Canfor Corporation
- Type: Public
- Traded as: TSX: CFP S&P/TSX Composite Component
- Industry: Forest Products
- Founded: Vancouver, British Columbia, Canada
- Founder: John Prentice and Poldi Bentley
- Headquarters: Vancouver, British Columbia, Canada
- Key people: Pat Elliott, CFO, Canfor and Canfor Pulp, and SVP, Sustainability
- Products: Forest products
- Number of employees: 6,331 (2017)
- Website: www.canfor.com

= Canfor =

Canadian integrated forest products company

Canfor Corporation is a Canadian integrated forest products company based in Vancouver, British Columbia.

==History==
The company traces its roots to the late 1930s, when brothers-in-law John G. Prentice and L.L.G. "Poldi" Bentley and their families left their native Austria just before the outbreak of World War II. They settled in Vancouver and established a small mill in 1939 called Pacific Veneer that was the beginning of the more than 75-year-old company. It adopted the name Canadian Forest Products Limited in 1947.

In 2006, the company was subject to a proxy fight between billionaires Jim Pattison and Stephen A. Jarislowsky, who owned 30% and 18% of the firm's shares, respectively. Pattison won and ousted CEO Jim Shepherd over Canfor's poor performance and declining share price, which saw Jim Pattison appointed interim CEO.

Canfor's operating loss for 2024 was $942.2 Million, as indicated by their Q4 2024 Quarterly Results, in addition to an operating loss of $532 Million in 2023.

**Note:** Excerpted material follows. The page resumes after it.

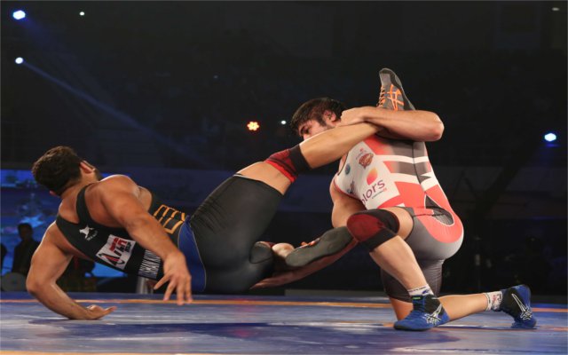पहले मैच में रियो ओलंपिक के स्वर्ण विजेता जॉर्जिया के पहलवान व्लादीमिर खिनचेगशिवली ने दिल्ली के पंकज कुमार को 8-1 से पीट दिया। विश्व चैंपियन एर्डेनबात बेखबयार के फिट न होने के कारण पंकज को इस मैच में उतरना पड़ा, लेेकिन 57 किग्रा वर्ग में वह ओलंपिक चैंपियन के सामने कोई चुनौती पेश नहीं कर पाए। साक्षी के मंगेतर सत्यव्रत ने पंजाब के कृष्ण कुमार को 97 किग्रा वर्ग में 14-4 से पीटकर दिल्ली को पहली जीत दिलाई। साक्षी ने अगला मैच जीतकर स्कोर 2-3 किया। छठे मैच में तोगरूल असगैरोव ने सुरजीत ग्रेवाल को 65 किग्रा वर्ग में मात्र 29 सेकेंड में ही चित कर पंजाब को 4-2 की अपराजेय बढ़त दिला दी।

Canfor's operating loss through Q2, 2025 has culminated to approximately $233.8 million dollars.
The company's share price on August 4th, 2025 sits at a 5 year low.

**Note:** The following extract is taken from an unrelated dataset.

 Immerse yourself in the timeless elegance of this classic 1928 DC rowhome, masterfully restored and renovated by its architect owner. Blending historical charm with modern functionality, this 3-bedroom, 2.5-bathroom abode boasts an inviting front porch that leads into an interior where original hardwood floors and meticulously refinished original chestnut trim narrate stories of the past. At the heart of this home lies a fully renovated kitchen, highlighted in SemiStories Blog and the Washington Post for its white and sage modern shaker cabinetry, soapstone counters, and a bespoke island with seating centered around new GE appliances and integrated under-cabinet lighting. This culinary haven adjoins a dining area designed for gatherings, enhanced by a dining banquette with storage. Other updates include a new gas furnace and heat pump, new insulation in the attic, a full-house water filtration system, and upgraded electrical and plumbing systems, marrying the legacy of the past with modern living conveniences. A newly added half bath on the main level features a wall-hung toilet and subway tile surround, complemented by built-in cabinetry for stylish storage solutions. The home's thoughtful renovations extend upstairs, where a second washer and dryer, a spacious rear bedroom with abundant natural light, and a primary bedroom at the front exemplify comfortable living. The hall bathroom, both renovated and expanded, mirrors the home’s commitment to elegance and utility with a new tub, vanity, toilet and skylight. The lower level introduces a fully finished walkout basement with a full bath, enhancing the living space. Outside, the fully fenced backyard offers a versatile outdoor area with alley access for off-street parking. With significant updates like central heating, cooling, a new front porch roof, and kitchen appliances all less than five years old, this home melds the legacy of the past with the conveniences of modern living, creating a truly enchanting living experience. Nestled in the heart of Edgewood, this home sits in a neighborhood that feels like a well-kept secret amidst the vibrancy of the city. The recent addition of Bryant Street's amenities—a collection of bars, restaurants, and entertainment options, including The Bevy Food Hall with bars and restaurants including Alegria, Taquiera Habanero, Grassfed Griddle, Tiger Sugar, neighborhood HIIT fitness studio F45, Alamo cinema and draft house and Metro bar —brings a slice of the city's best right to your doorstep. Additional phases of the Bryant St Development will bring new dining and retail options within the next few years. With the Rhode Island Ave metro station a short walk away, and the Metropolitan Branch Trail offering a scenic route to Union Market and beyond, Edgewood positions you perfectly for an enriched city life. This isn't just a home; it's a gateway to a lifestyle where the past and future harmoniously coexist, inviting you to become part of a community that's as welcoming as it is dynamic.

Poldi Bentley's son Peter Bentley (1930-2021) was the Chairman Emeritus of the Board of Directors. Canfor produces softwood lumber, specialty wood products, and engineered wood products. Canfor also owns a controlling share in Canfor Pulp Limited, which produces northern softwood kraft pulp and kraft paper in BC.

As of 2016, the company has an annual production capability of 5.9 billion board feet of lumber, 1.1 million tonnes of northern softwood market kraft pulp, approximately 220,000 tonnes of BCTMP and 140,000 tonnes of kraft paper.

Operations or offices are located in:

- Camden, SC - yellow light
- Conway, SC - yellow light
- DeRidder, LA - green light
- El Dorado, AR - yellow light
- Elko, BC - bright green light
- Fulton, AL - red light
- Graham, NC - red light
- Grande Prairie, AB - green light
- Hermanville, MS - yellow light
- Jackson, AL - red light
- Moultrie, GA - yellow light
- Myrtle Beach, SC - yellow light
- Prince George, BC - dark red light
- Thomasville, GA - yellow light
- Washington, GA - yellow light
- Wynndel, BC - dark red light

On November 15, 2018 Canfor announced that it had entered into an agreement to acquire a 70% share of the Vida Group, a wood products company based in Sweden. The prior owners of Vida maintain a 30% share and manage day-to-day operations.

Canfor formerly owned the Englewood Railway on Vancouver Island, but sold it to Western Forest Products in 2006.

Canfor has 6,380 employees as of 2016.

Canfor is a member of the Forest Products Association of Canada.